Duc d'Enghien at the Battle of Rocroi, Thirty Years War
To most of the people alive at
the time, it wasn’t at all obvious that the Church's traditional views were
deficient in any way, or that the views of the scientists like Galileo were
better ones. But decades of experience in which people who lived by the ways of
individualism, science, and inductive reasoning outperformed those who lived by
the old ways (based on blind obedience to authorities whose authority came from
texts that were not to be analyzed or criticized) gradually won over more of
the citizens in every new generation.
William Harvey
Some of the new beliefs were anathema
to medieval types of thinkers – but they worked. They enabled this
"enlightened" sub-culture within society to solve problems (e.g. navigate
the oceans, cure diseases, predict eclipses, boost production in industry and
agriculture, and especially make deadlier and deadlier weapons). This new sub-culture
within Europe's nations was therefore able to increase its community of
followers and its range of influence at a rate that the old church and
aristocracy could not match. As was noted above, Science keeps getting new followers
because the miracles of Science can be replicated over and over again; Science
works.
Antoine Lavoisier with his wife Marie
This scientific way of thinking
was further employed by geniuses like Newton, Harvey, Faraday, Lavoisier, etc.

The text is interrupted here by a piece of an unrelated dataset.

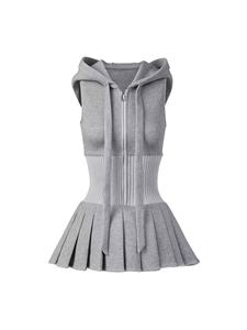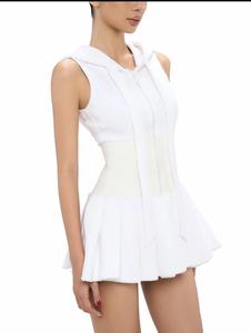 LSOU* 25aw 白色无袖百褶裙夏季连帽时尚甜酷收腰裙通勤约会女装

Its gurus piled up successes in the hard market of physical results. Of the people
who resisted the new way, some were converted by reason, some went down in military
defeats. Some worked out compromises, and some merely got old and died, still resisting
the new ways and preaching the old ones to smaller and smaller audiences. The
Enlightenment, as it is now called, had taken over.
Other societies which also
operated under world views that portrayed humans as having little ability to
control the events of life are to be found in all countries and in all eras of
history, but we don’t need to discuss them all. The point is that the advancing
worldview by the late nineteenth and earlier twentieth century, around the
planet, was the one which we call “scientific”, the Enlightenment view.